The Antarctic krills are used in fish farming to fatten farmed fish. They are also used to produce tail meat, which is highly favoured in Russia, Japan, and Korea. But the real money lies in its byproducts. Krill byproducts are used to make Superba krill oil, which is a dietary supplement superior and more sustainable than fish oil pills.
Red krill oil is a rich source of omega-3 and is more effective in delivering omega-3 to the bloodstream than fish oil. Omega-3 provides cardiovascular support by preventing heart attack and stroke. It also helps lower triglycerides and blood pressure, which can contribute to heart diseases. Moreover, vitamin A's abundance and its antioxidant properties help reduce anxiety and the risk of certain cancer types, such as colon cancer, and relieve PMS symptoms.
The supplement industry is growing worldwide, and despite all their claims of sustainability, fisheries are using unorthodox and unsustainable practices to meet the increased demands. An investigation led by the Environmental Reporting Collective found that catch limits for Antarctic krill increased significantly, and Subarea 48.1 were reached in 69 days, as opposed to an average of 130 days over the last five years.
Overfishing of Antarctic krill can disrupt the natural food chain. Thus, sustainable fish farming practices should be employed by all fisheries to ensure that there is enough food for predators like seals and penguins while simultaneously benefitting the human population as well.
The Negative Impact of Whale Watching
Another important aspect of the aquaculture industry worth discussing is whale watching. It is a lucrative business with an international industry worth more than US$2 billion globally that relies on cetaceans. Despite the economic benefits, studies have shown that whale watching results in behavioural changes in the cetaceans, such as acoustic, surfacing, swimming, and direction. This leads to chronic stress levels that impact overall health. One study also suggests that these short-term changes may reduce reproductive rates, thus, negatively impacting the ecosystem as well.

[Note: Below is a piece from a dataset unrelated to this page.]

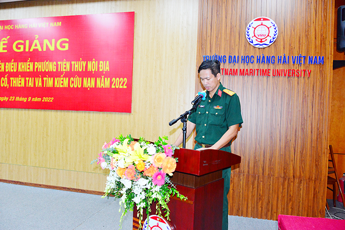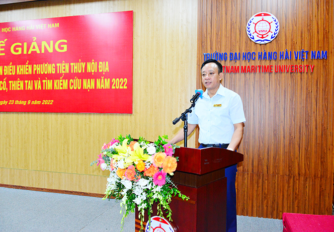 Phát biểu tại Lễ Khai giảng, PGS.TS Phạm Xuân Dương - Hiệu trưởng Nhà trường nhiệt liệt chúc mừng 90 đồng chí học viên tham gia đào tạo tại Trường Đại học Hàng hải Việt Nam - một ngôi trường có bề dầy lịch sử 66 năm xây dựng, hội nhập và phát triển. Nhà trường đã tạo mọi điều kiện tốt nhất để phục vụ các khóa đào tạo như: đội ngũ giảng viên có trình độ chuyên môn cao, cơ sở vật chất hiện đại đáp ứng nhu cầu thực tế đề ra, …

Whale watching also changes their feeding and resting behaviours, leading to reduced fitness in the long term. Moreover, research has shown that boat-related sound can “mask” cetacean vocalisations, resulting in them either being unable to communicate or the animals having to increase the volume of their vocalisations, which could prevent important communication related to mating and danger. Thus, more attention should be given to whale watching and how it can be regulated safely.
In this article, we have discussed the issues related to aquaculture and fish farming that require immediate attention and have explained sustainable practices that can control the outcome. Fish farming has several issues that impact the environment and human health, but with the right tools and resources, we can turn the industry to our mutual benefit, not just for consumption but for health and cardiovascular support. Sustainable fish farming reduces waste, keeps fish healthy, and improves global health outcomes. We hope this article helped!